I am working through a lecture where two definitions for the extension of a field are given and I have troubles to understand them.
All considered rings are commutative with identity. Let $K$ and $L$ be fields.
Def. 1: $L$ is an extension of $K$, if $K \subset L$.
Def. 1.1: $L$ is an extension of $K$, if $L$ is a $K$-algebra.
Remarks: A $K$-algebra is a ring $A$ which is a $K$-module, s.t. the multiplication $A \times A \to A$ is $K$-bilinear ($\iff (k_1a_1)(k_2a_2)=k_1k_2a_1a_2$ where $k_i \in K, a_i \in A$).
The second definitions seems to be much more involved than the first one (at least for myself).
My thoughts: I first reconsidered the definition of an algebra according to the book "Advanced Linear Algebra, 3rd edition" by Steven Roman. An algebra $\mathcal{A}$ over a field $F$ is a nonempty set $A$, together with three operations, called addition (denoted by $+$), multiplication (denoted by juxtaposition) and scalar multiplication (also denoted by juxtaposition), for which the following properties hold: $(i) \mathcal{A}$ is a vector space over $F$ under addition and scalar multiplication, $(ii) \mathcal{A}$ is a ring under addition and mulitplication, $(iii)$ If $r \in F$ and $a,b \in \mathcal{A}$, then $r(ab)=(ra)b=a(rb)$.

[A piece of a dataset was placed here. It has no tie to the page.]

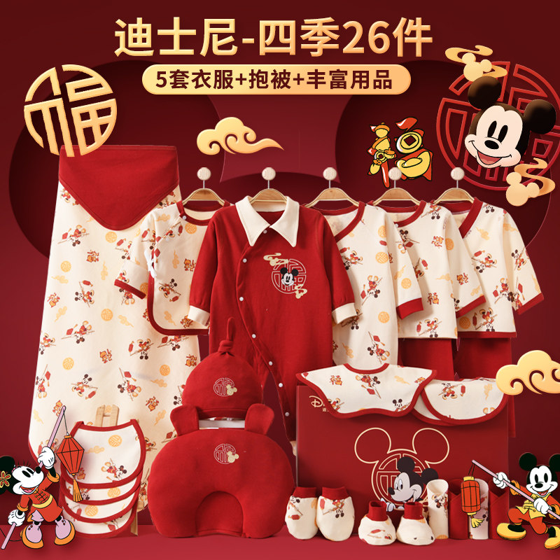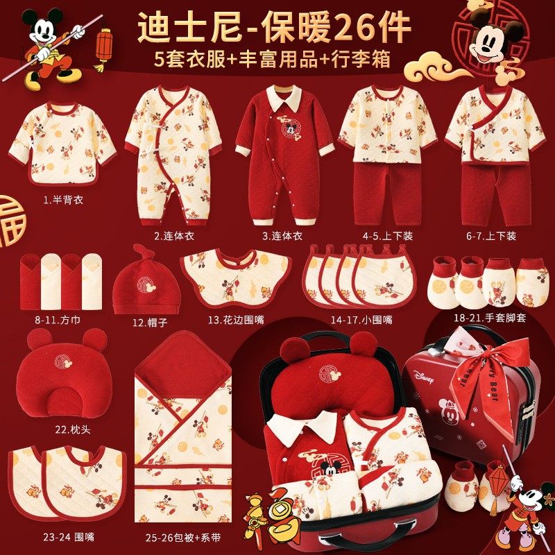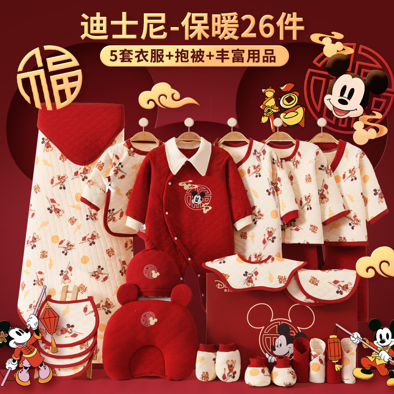 迪士尼秋冬初生刚出生宝宝见面礼物高档送礼新生婴儿衣服礼盒套装
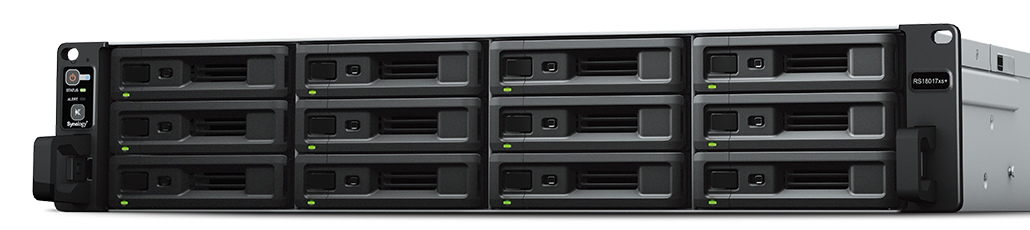 RS18017xs+ is built for flexible storage management with ultra-high performance at over 568,000 sequential read IOPS and 4,800 MB/s sequential read throughput. DDR4 ECC RDIMM and 10GbE connectivity guarantees data accuracy and performance for mission-critical environment.

Now, property $(i)$ should be equivalent to saying "$\mathcal{A}$ is an $F$-module", since a vector space is just a special type of module, that is a vector space is a module over a field. It seems to me that it is not necessarily required that $\mathcal{A}$ is a commutative ring with identity, which seems to be assumed in definition $1.1$, but just a ring according to property $(ii)$.
Property $(iii)$ on the other hand, looks different than saying that the multiplication $A \times A \to A$ is $K$-bilinear, which might have something to do with my problem as well.
In summary, however, it is completely unclear to me in essence why all this should be the same as saying "$K \subset L$".
Question: Why are the above definitions considered to be equivalent (my algebra skills are very rusty, so please keep that in mind)?
If $K\subseteq L$ then $L$ is indeed an algebra over $K$, where the scalar multiplication is obtained by restricting the usual field multiplication to $K\times L$. All the three axioms of algebra clearly hold.
Conversely, suppose $L$ is an algebra over $K$. Then we can define $\varphi:K\to L$ by $\varphi(k)=k\cdot 1_L$, where here $\cdot$ means the scalar multiplication. You can check this is a homomorphism of fields. Indeed, the only non trivial part is why is it closed under multiplication. This holds because:
$\varphi(k_1k_2)=(k_1k_2)\cdot 1_L=k_1\cdot (k_2\cdot 1_L)=1_L(k_1\cdot(k_2\cdot 1_L))=(k_1\cdot 1_L)(k_2\cdot 1_L)=\varphi(k_1)\varphi(k_2)$
Where we used the third axiom of an algebra in your list.
Alright, so $\varphi$ is a field homomorphism, and in particular it is injective. So up to injection we indeed have $K\subseteq L$.